On September 26, 2013, in the case of Thornsbury v. Cabot Oil & Gas Corporation (2013 W. Va. LEXIS 958), the Supreme Court of Appeals of West Virginia ruled that, although an oil and gas lease to Cabot affecting surface lands owned by Thornsbury contained road provisions, a subsequent 2006 right-of-way contract controlled the design and use of the well access road on the land. The Supreme Court Opinion reversed a prior decision of the McDowell County Circuit Court granting summary judgment to Cabot, further holding that genuine issues of material fact remain as to the possible breach of the 2006 contract, and remanded the case for further proceedings.

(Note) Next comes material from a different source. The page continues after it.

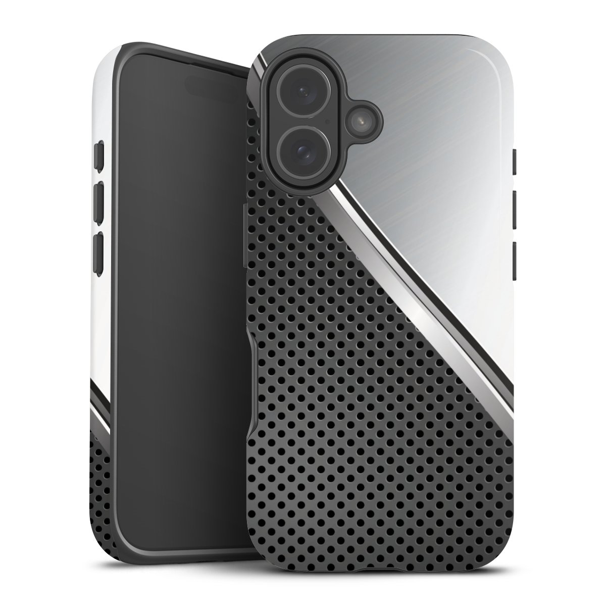 Product details Our most protective phone case combines the advantages of the Silicone and Premium Case: the flexible silicone core on the inside offers an extra shockabsorbing layer, protecting reliably against damages from dropping your phone. The longlasting, polycarbonate hard shell ensures additional stability and a brilliant print result. The surface of the 2,6 mm strong case feels smooth offering a comfortable grip. The case is available with a matt and glossy finish.

In what appears to be a first in Pennsylvania, on March 11, 2013, Forward Township in Allegheny County enacted an ordinance specifically targeting and extensively regulating both transmission and gathering pipelines. While the ordinance is technically not a zoning ordinance, it imposes an approval process similar to a conditional use whereby an application is reviewed by the Township Planning Commission and approved by the Board of Supervisors, which may place any conditions or restrictions on the permit that the Board determines is necessary for the public health and safety. In addition to a detailed application, the ordinance requires an application fee of $3,000 per mile of pipeline proposed (up to $15,000) and, upon approval by the Board, a performance bond of $25,000 per mile of pipeline. The operator must also provide the Township with an escrow or letter of credit in the amount of $50,000 for the closure and abandonment of the pipeline for any restoration of the property, air or environment where the pipeline is located. The ordinance probably is preempted by a number of state and Federal statutes.

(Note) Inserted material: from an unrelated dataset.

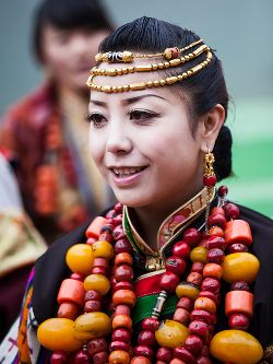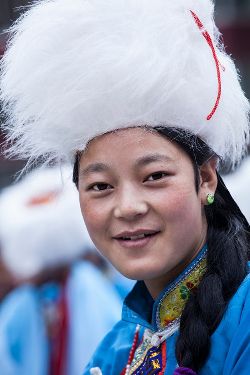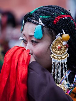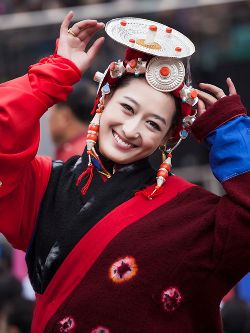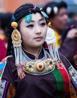 藏裝的基本特點(diǎn)是長(zhǎng)袖、寬腰、大襟、肥大。直線寬邊,色彩對(duì)比強(qiáng)烈。男女藏袍均習(xí)慣以粗紡厚毛呢為料,左襟大,右襟小,一般在右腋下釘一個(gè)紐扣,或是用紅、藍(lán)、綠、雪青等色布做兩條飄帶,穿時(shí)結(jié)上。男式藏袍多為黑、白兩色,領(lǐng)圍、袖口、衣襟和底邊,鑲上色布或綢子底邊,古樸渾厚。夏天或勞動(dòng)時(shí),一般只穿左袖,右袖從后面拉到胸前搭在左肩上,也可左右袖均不穿,兩袖束在腰間,古銅色的皮膚袒露于外,雄風(fēng)凜凜,彪悍剛健。女式藏袍,分有袖和無袖的兩種,夏秋兩季的藏袍無袖。里面多襯有紅、綠等色彩鮮艷的襯衣,襯衣翻領(lǐng)在外,衣袖要長(zhǎng)于胳膊一至二倍,長(zhǎng)出部分,平時(shí)卷起,舞蹈時(shí)放下,舒展飄逸,瀟灑自如。藏族的帽子式樣繁多,各地均有不同,拉薩等地以金寶頂帽為最多,用金絲或銀絲繡織圖案,在陽光照耀下,閃閃發(fā)光。金花帽是男女老幼都喜歡戴的民族帽。男女穿的藏靴,底高二寸,靴腰高至小腿以上,靴面用紅綠相間的毛呢裝飾,繡有圖案花紋。靴頭向上隆起。藏族男女喜歡佩飾。耳穿大環(huán),手腕金銀,頂戴珠鏈,尤其是在腰間,男挎長(zhǎng)劍,女佩腰刀,更顯得粗獷彪美。

LS Power Development LLC, a New Jersey based company, received site approval this week to build a power plant estimated to cost $750 million in Lawrence County, Pennsylvania, the Pittsburgh Tribune-Review reports. The plant would be powered by Marcellus shale gas. The company still needs state and federal permits, but construction could begin early next year and the plant could generate electricity by 2016. Tennessee Gas Pipeline Company, L.L.C., a subsidiary of Kinder Morgan Energy Partners, owns and operates the gas pipelines that would supply the plant.

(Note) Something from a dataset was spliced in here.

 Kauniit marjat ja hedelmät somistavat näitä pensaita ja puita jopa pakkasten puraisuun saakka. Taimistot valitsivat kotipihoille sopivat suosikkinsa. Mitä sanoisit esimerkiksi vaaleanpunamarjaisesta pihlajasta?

City Council members in Brunswick, Ohio, the largest city in Medina County, are voicing concerns regarding state laws which give the Ohio Department of Natural Resources the sole authority to issue oil and gas drilling permits throughout the state. Council members are concerned that the laws do not take local zoning into consideration and effectively pre-empt any authority to regulate hydraulic fracturing operations at the local level. The mayor of Brunswick has urged the council to consider the economic benefits brought to the area by oil and gas exploration prior to voting on a proposed resolution which would formally voice their disapproval on the issue.
On January 18, 2013, the Muskingum Watershed Conservancy District (MWCD) announced that it has negotiated a 6,700 acre non-developmental oil and gas lease with Antero Resources. The lease will prohibit drilling or surface development on MWCD property, but will allow Antero to drill under MWCD land from other nearby wells. Financial terms of the lease are still being negotiated. The MWCD staff plans to recommend to the Board of Directors to enter into the lease with Antero at the Board’s February 15, 2013 meeting.